--- SOURCE MATERIAL Enclosed Below ---

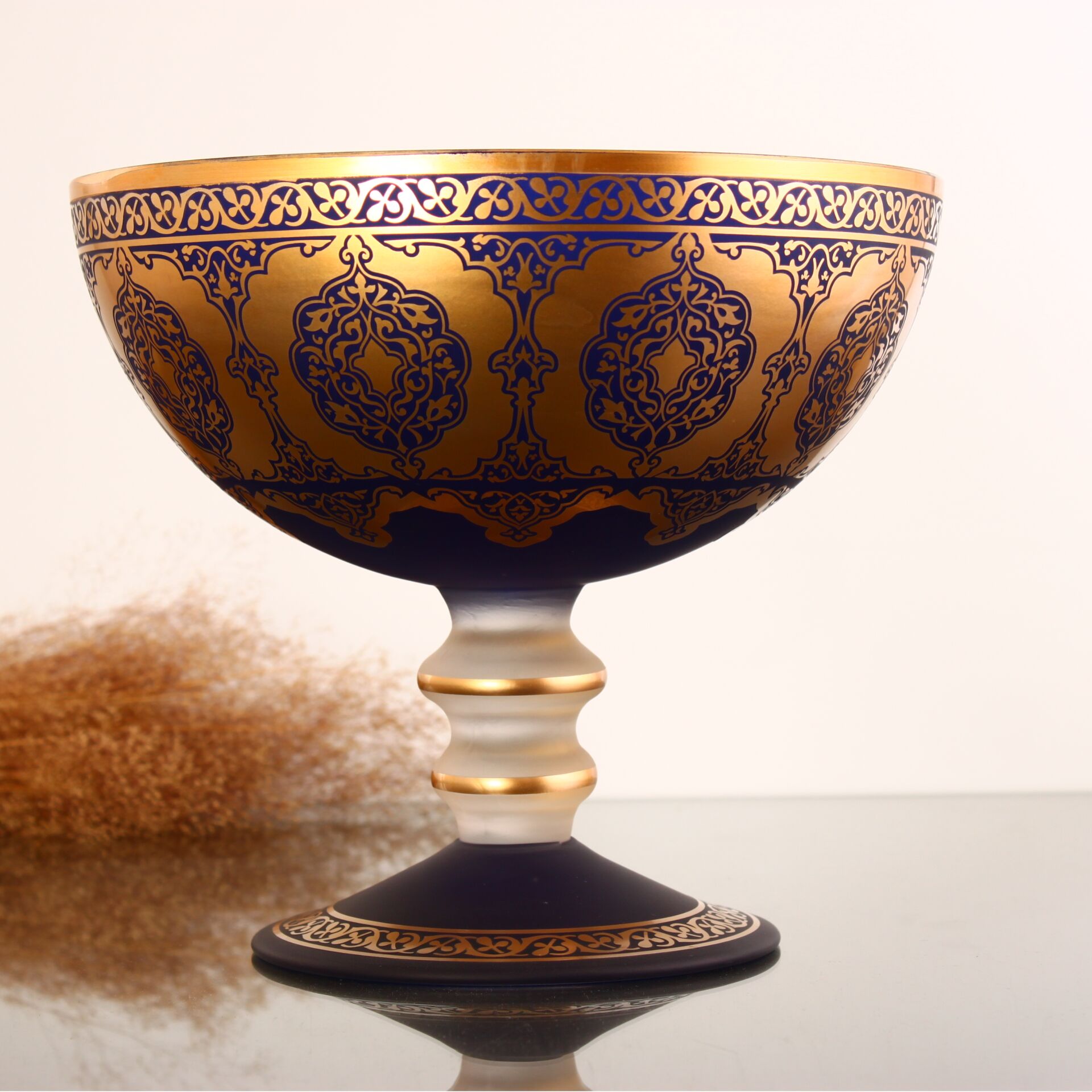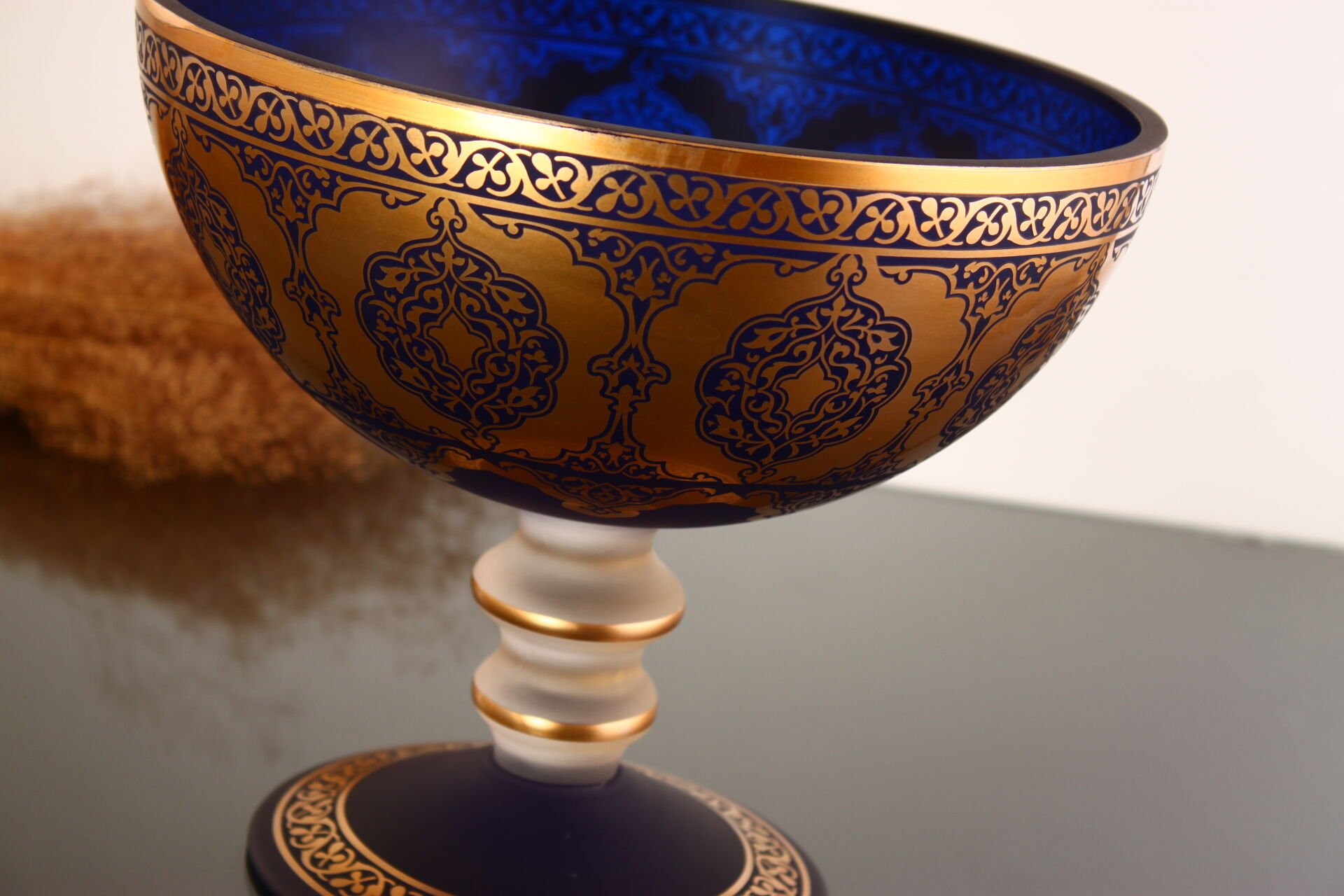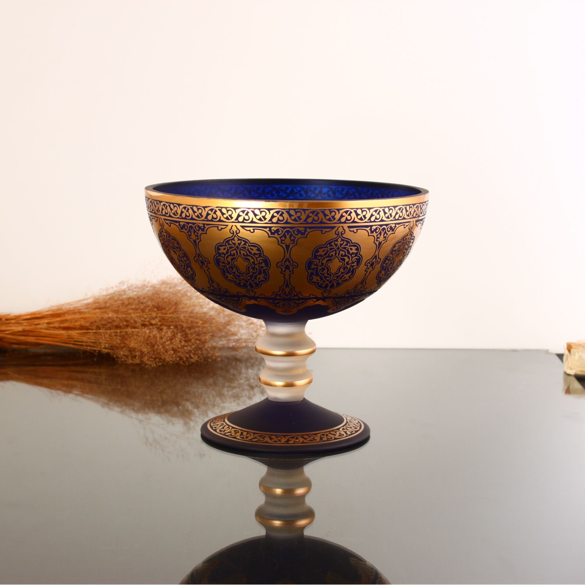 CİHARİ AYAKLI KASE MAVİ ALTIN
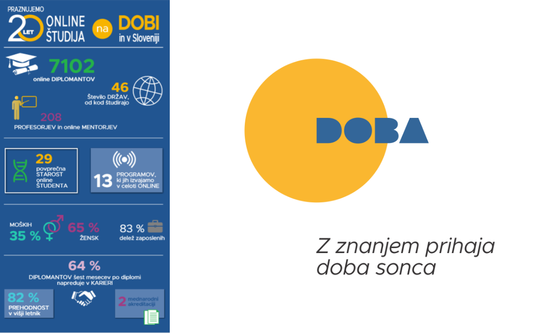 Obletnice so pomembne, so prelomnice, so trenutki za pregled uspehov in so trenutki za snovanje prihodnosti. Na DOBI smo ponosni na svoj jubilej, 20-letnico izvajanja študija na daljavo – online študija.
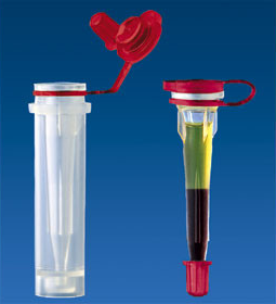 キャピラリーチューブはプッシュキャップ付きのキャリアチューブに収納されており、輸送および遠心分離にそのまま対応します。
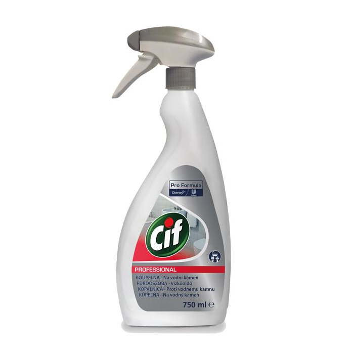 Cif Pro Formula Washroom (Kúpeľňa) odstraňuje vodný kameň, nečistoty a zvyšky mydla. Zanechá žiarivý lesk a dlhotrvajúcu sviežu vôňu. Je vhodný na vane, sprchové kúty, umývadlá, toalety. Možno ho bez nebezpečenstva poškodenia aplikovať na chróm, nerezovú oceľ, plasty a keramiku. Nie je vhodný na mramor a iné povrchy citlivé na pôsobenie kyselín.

--- End of Enclosed SOURCE MATERIAL ---

» WORK INSTRUCTION
Output only these lines, word for word: the line containing "Obletnice so pomembne, so" and every line after it through the last line of the data. Omit the pictures.

» ANSWER TO THIS PROBLEM
 Obletnice so pomembne, so prelomnice, so trenutki za pregled uspehov in so trenutki za snovanje prihodnosti. Na DOBI smo ponosni na svoj jubilej, 20-letnico izvajanja študija na daljavo – online študija.
 キャピラリーチューブはプッシュキャップ付きのキャリアチューブに収納されており、輸送および遠心分離にそのまま対応します。
 Cif Pro Formula Washroom (Kúpeľňa) odstraňuje vodný kameň, nečistoty a zvyšky mydla. Zanechá žiarivý lesk a dlhotrvajúcu sviežu vôňu. Je vhodný na vane, sprchové kúty, umývadlá, toalety. Možno ho bez nebezpečenstva poškodenia aplikovať na chróm, nerezovú oceľ, plasty a keramiku. Nie je vhodný na mramor a iné povrchy citlivé na pôsobenie kyselín.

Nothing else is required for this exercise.